The reason for a bit of exposed lead at the tip of many soft points is that it collapses on impact and starts the process of mushrooming a bit earlier than if the jacket material ran all the way to the end, and there was no exposed lead. Polymer tip bullets function in the same way, on impact, they burst open the gilding metal jacket, helping it to peel away and expose the lead.
No matter how many times you see it in the movies or read about it in fiction books, smoothing the tiny imperfections off of a bullet is not going to make factory loaded ammunition more accurate. There are hundreds of places that inaccuracy creeps in, in the ammo, in the rifle, in the environment, and so forth.

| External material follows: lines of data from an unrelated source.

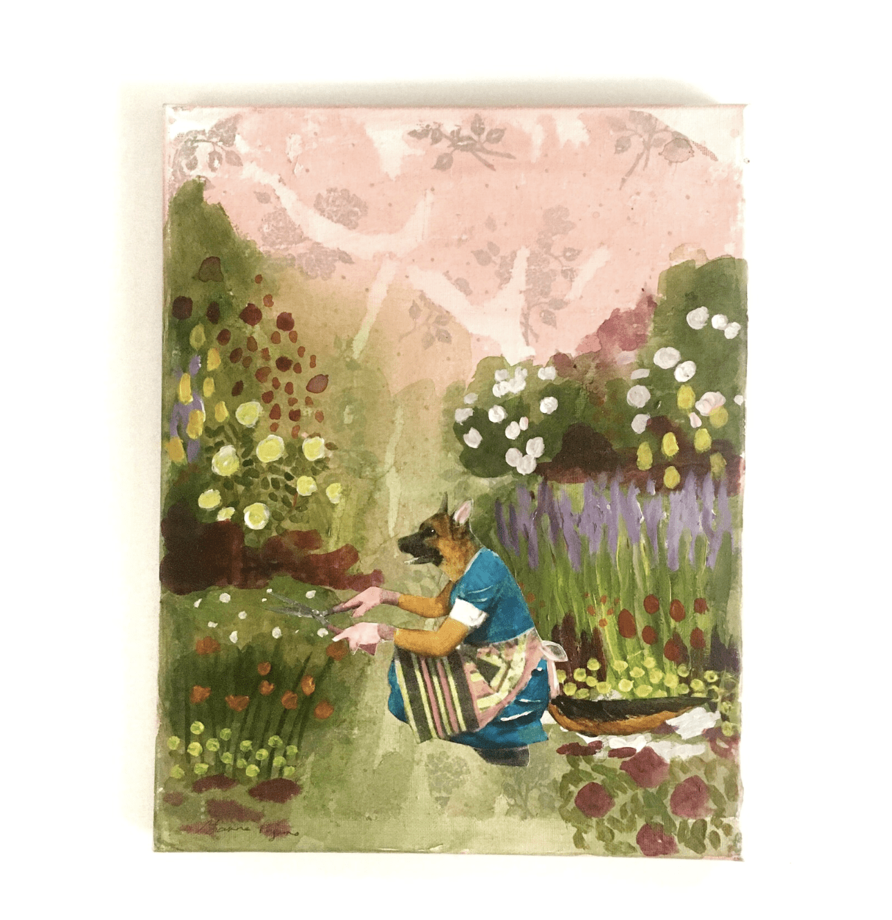 This is an original mixed media piece, created by Gianna Pergamo. It features a sweet German shepherd tending to her garden! The media includes collage and acrylic on canvas. The canvas is 11×14,” half an inch deep, and the canvas edges are painted. This could hang on your wall as-is, unless you prefer to frame it.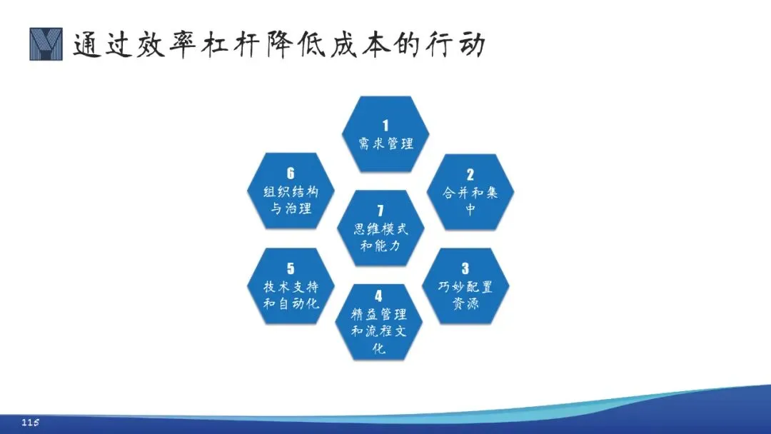 激活7个成本杠杆:需求管理、合并和集中、巧妙配置资源、精益管理和流程文化、技术支持和自动化、组织结构与治理、思维模式和能力。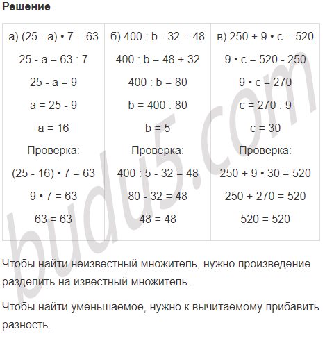 | а) (25 - а) • 7 = 63 | б) 400 : b - 32 = 48 | в) 250 + 9 • с = 520 |
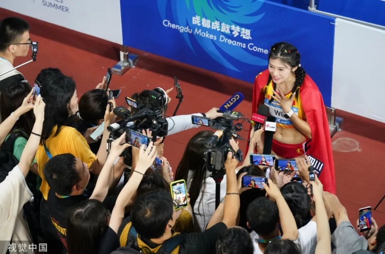 不管愿不愿意,你都不可能没听说过吴艳妮。她右臂上花环缠着王冠的纹身,起跑前双手比划胸口的名牌随后抬手指天的招牌动作,极强的镜头感和关于颜值、成绩、性格、炒作等话题的大杂烩,让这个名字在一波未平一波又起的流量场上,牢牢占据着一席之地。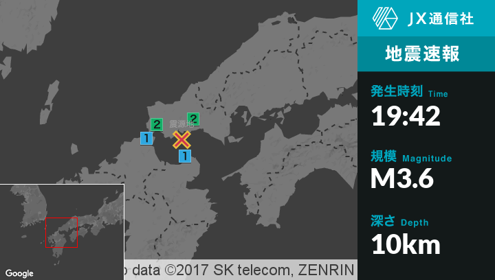 | 震度2 | 宇部市, 山陽小野田市, 山口市, 防府市 |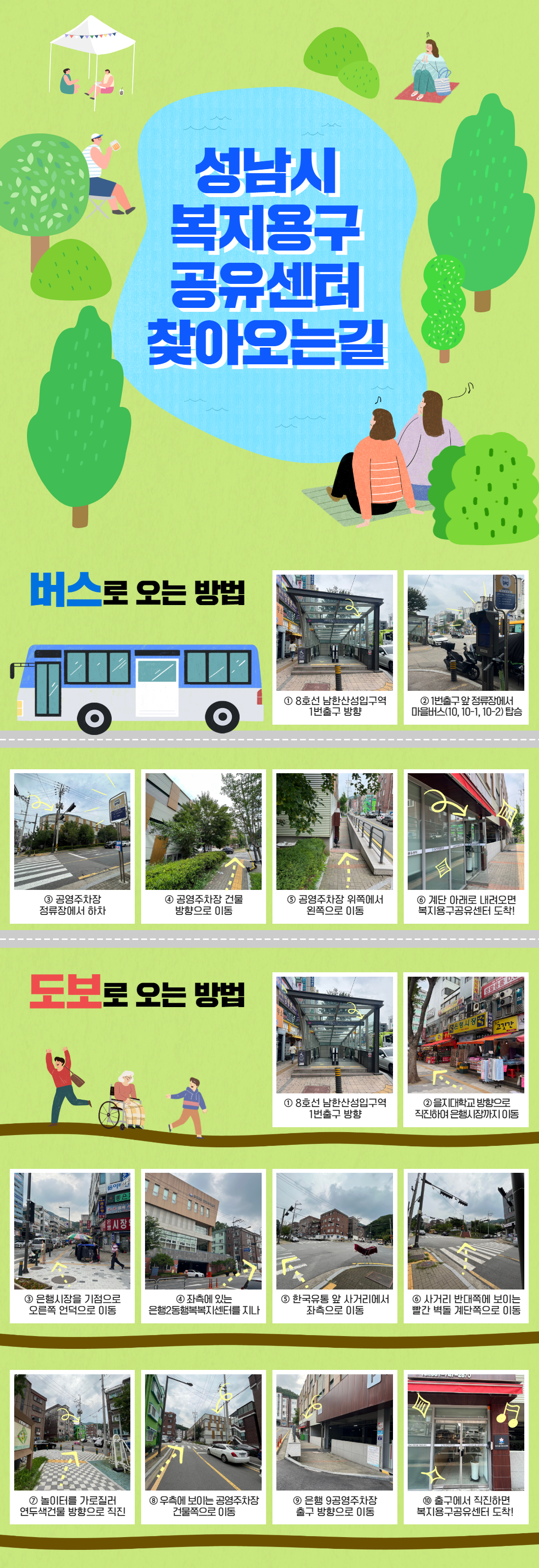 - 분당구 방면 : 51번, 340번 일반버스 탑승후 세이브존맞은편역 하차 후 10번, 10-1번, 10-2번 마을버스 환승 후 은행동제9공영주차장 정류장 하차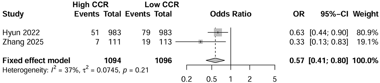 Forest plot comparing high and low CCR groups across two studies: Hyun 2022 and Zhang 2025. Hyun 2022 shows an odds ratio (OR) of 0.63 with a 95% confidence interval (CI) of 0.44 to 0.90 and weight of 80.9%. Zhang 2025 shows an OR of 0.33 with a 95% CI of 0.13 to 0.83 and weight of 19.1%. The fixed effect model shows an overall OR of 0.57 with a 95% CI of 0.41 to 0.80. Heterogeneity statistics include \(I^2 = 37%\), \(\tau^2 = 0.0745\), and \(p = 0.21\).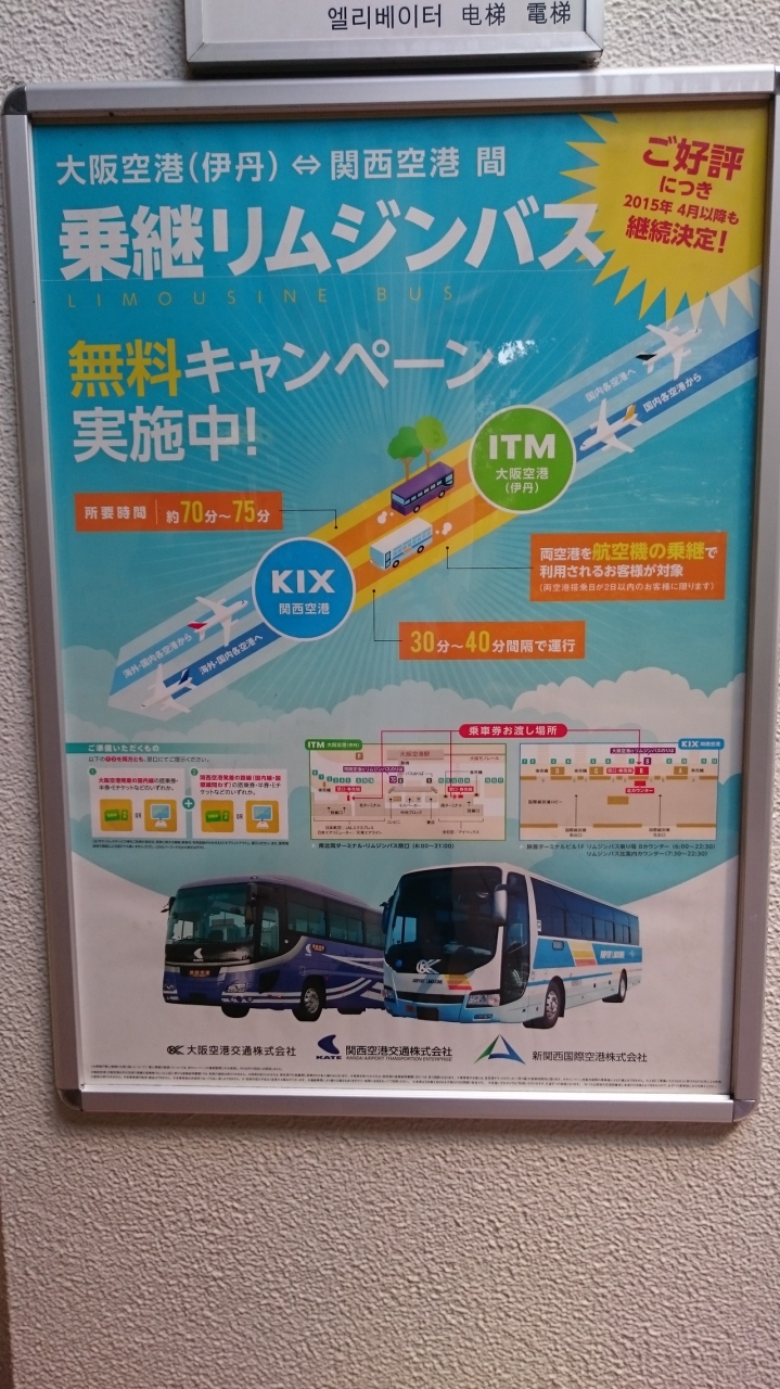 関空からの国際線は、羽田や成田発着に比べてチケットが取りやすい(残っている)事が多く、東京在住の私も年数回利用するのですが、問題は国内線の路線、便数が少ないこと。そこで伊丹空港を利用することになるのですが、南海またはJRと地下鉄を乗り継ぐのは面倒だし、リムジンバスも高い(片道1950円、往復3500円)。こうした乗客の要望を受けて、国土交通省が調査を目的にスマートしたのが、「大阪空港=関西空港線リムジンバス乗継無料キャンペーン」です。関空発着、伊丹発着の便を当日もしくは翌日に利用する場合、乗車前にEチケットや搭乗券などを示すと、関西空港~伊丹空港までの無料のバスチケットがもらえます。大阪市内でたまに渋滞にはまるというリスクは若干ありますが、荷物も預け入れでき、乗り換えもなく、全員着席なので快適です。このキャンペーンは、2015年3月末で終了予定でしたが、好評につき2016年3月末まで延長されました。国土交通省さん、すばらしいキャンペーンありがとうございます。是非とも、このキャンペーン、続けてください!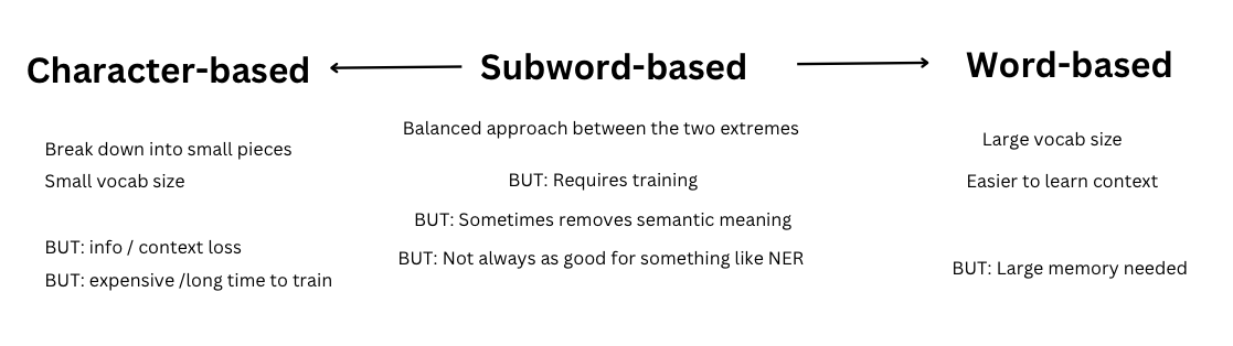 When it comes to language, the things we care at the tail end of all our modelling all relate to sequences of words and not characters. While our vocabulary (i.e. our list of unique characters) would be pretty small with character-level tokenization, we’d have some other issues: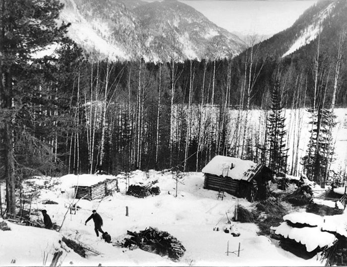 В 16 часов взят курс на Киленское. Вертолет делает круг между гор, мелькает изба Агафьи с красным флагом на ветру. Идем вдоль Абакана к Каиру. Через несколько минут внизу обозначились оставленные уже геологами домики Волковского участка. Грустное впечатление производит заброшенный поселок. Видны только следы зверей.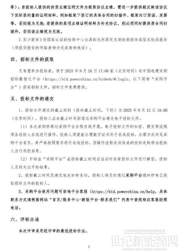 8月15日,中国电建发布《2025-2027年度光伏固定支架框架入围集中采购项目招标公告》。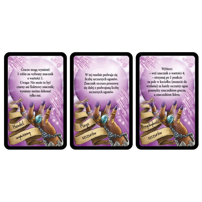 - Gra trwa dziewięć rund, podczas których, wszyscy gracze w tym samym czasie, losują składniki i dokładają je do swoich kociołków.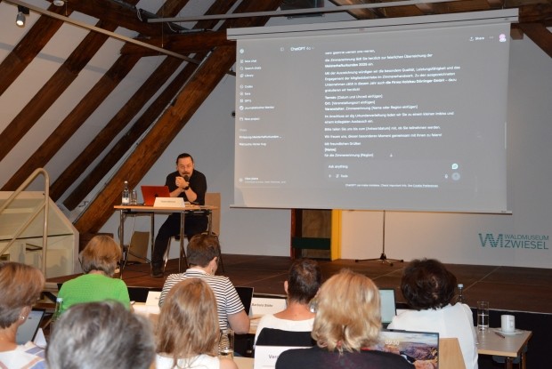 Der Referent Dr. Tristan Behrens zeigte die praktischen Einsatzmöglichkeiten von KI im Zimmererbetrieb und stellte verschiedene individuelle Anwendungsfälle vor, die schon heute erfolgreich genutzt werden, damit mehr Zeit für die eigentliche Arbeit im Betrieb, bleibt.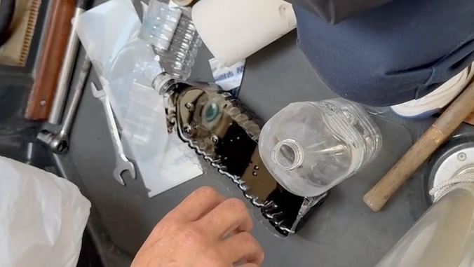 まず、エンジンオイルを抜く作業。よし!と思ったのも束の間、硬くてボルトが回りません。ここが1番の難所でした。パイプをかましてテコの原理を使うも、びくともしません。戦うこと約10分、やっと回りました。急いで、いいサイズに切ったクリアファイルをスロープにし、加工したペットボトルに流しこみました。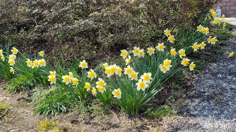 다시 벚꽃길 아래로 영화의 장면처럼 걸어나오는 길에 길 옆으로는 예쁜게 핀 수선화가 "나도 있어요~"하며 필자를 불렀습니다^^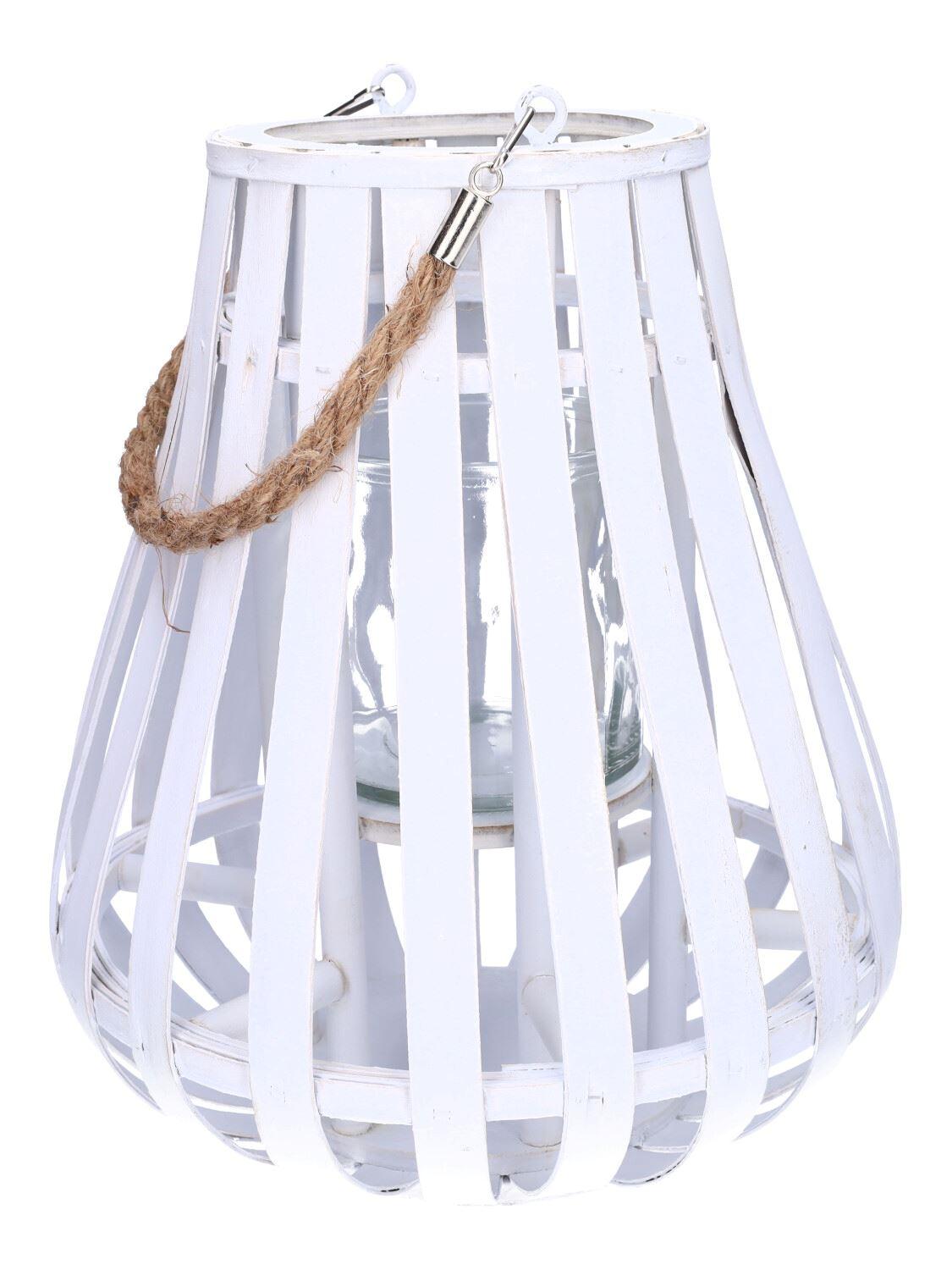 Lantern ALVARU made of rattan, with candle glass, handle, white, 31cm, Ø24cm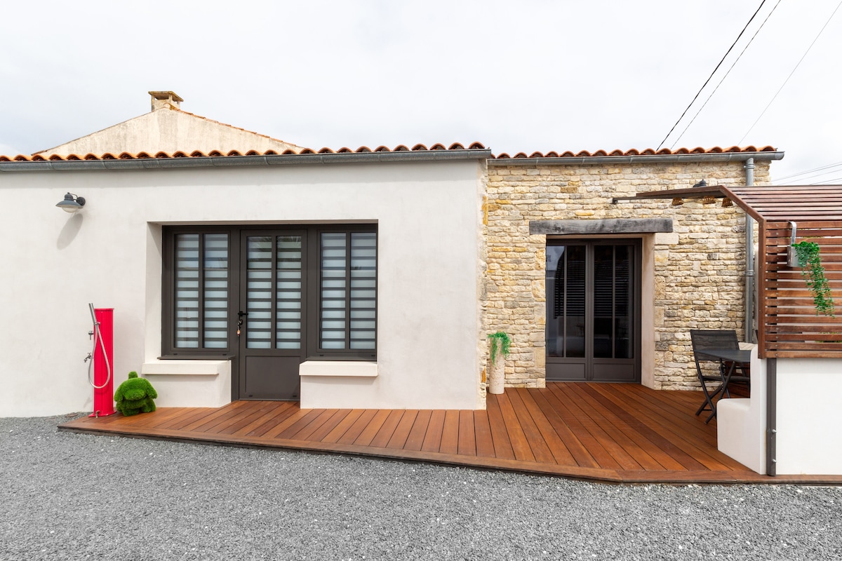 BIENVENUE À L' IØDE ET MERVEILLES!!! Maison neuve climatisée de 50m2 très confortable située au coeur du Château d'Oléron aux pieds des remparts. Idéalement située : - moins de 10min à pied du marché et des commerces - moins de 10min à pied des plages - à 100 mètres d'un supermarché - à 15 min à pied du port et de ses incontournables cabanes ostréicoles reconverties en atelier d'artistes - à 15 min à pied de la Citadelle d'Alienor d'Aquitaine - au pied des pistes cyclables.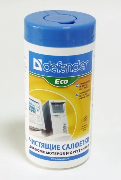 Чистящие салфетки Defender ECO для поверхностей офисной техники, (не применять для ЖК- экранов!) /туба/ 100 шт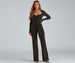Celebrations call for glam outfits. Glow up in a jumpsuit that features a wired sweetheart neckline, long sleeves, tie-waist belt, and a straight leg. The jumpsuit is composed of a lined lurex knit fabric that offers a form hugging fit with a moderate stretch. Complete outfit with a sphere clutch and heels.
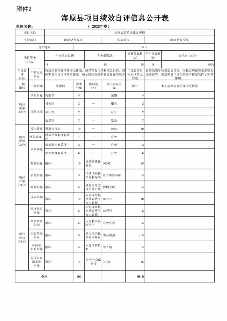 1、应急粮油储备费用项目绩效自评情况:根据年初设定的绩效目标,“应急粮油储备费用”项目自评得分为99.5分。项目全年预算数为18万元,执行数为18万元,完成预算的100%。项目绩效目标完成情况:较好的完成了项目绩效目标。存在的问题及原因:在达到服务对象的满意度方面还存在不足。下一步改进措施:进一步努力改进工作方式方法,加强政策宣传,争取服务对象的支持,提高项目实施的社会经济效益。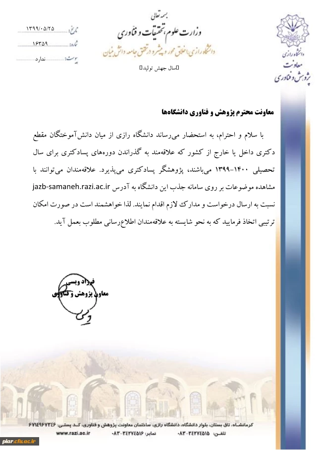 امتیاز دهید : پذیرش پژوهشگر دوره پسا دکتری دانشگاه رازی برای سال تحصیلی 1400-1399 3 شنبه 1 شهریور 1399 ساعت 14:35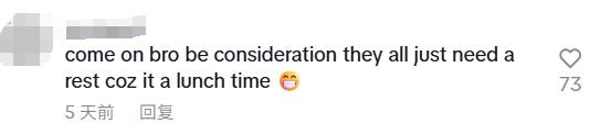 不少人心疼表示:“现在是午餐时间,兄弟,让他们安安静静吃个饭、歇一会儿不行吗?”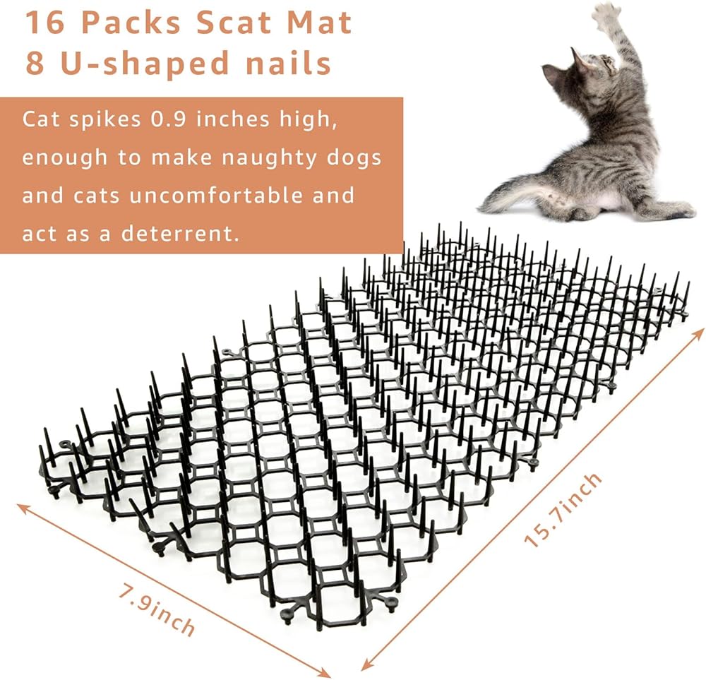 المواصفات - سوف تحصل على 16 سجادة للقطط، كل سجادة ذات مسامير للقطط بقياس 15.7 × 7.9 × 0.9 بوصة ومجهزة بـ 8 أظافر على شكل حرف U، حتى تتمكن من تغطية أي منطقة بأشواك القطط لإبقاء الكلاب بعيدًا عن الأريكة أو بالخارج، والحفاظ عليها أبعد القطط عن النباتات المحفوظة بوعاء، وأبعد القطط عن الفناء إلى الأبد.

A bullet is gyroscopically stable. if it is concentric, uniform, and smooth, it is predestined to fly accurately. It would take a pretty big damaged area on a bullet to make it fly off it's axis. A miligram of misplaced metal won't do it, but as was shown in that box of truth page, a badly damaged area that screws up the streamlining and also messes up the concentricity will cause the things to spin out of control.
It would have been interesting to see what those groups looked at out at 300 yards.
Your remington core lokt are an iconic round. a solid hit with an adequate caliber, barring any unusual events, is going to drop whatever you hit. Period. and as far as accuracy, you may be able to find better factory loads for YOUR rifle, but I believe that core lokt will probably turn in accuracy equal to any other brand in at least 90% of production rifles.
My .243 would run 1" groups with factory 100 grain psp, and I never managed to better that with other brands or handloads.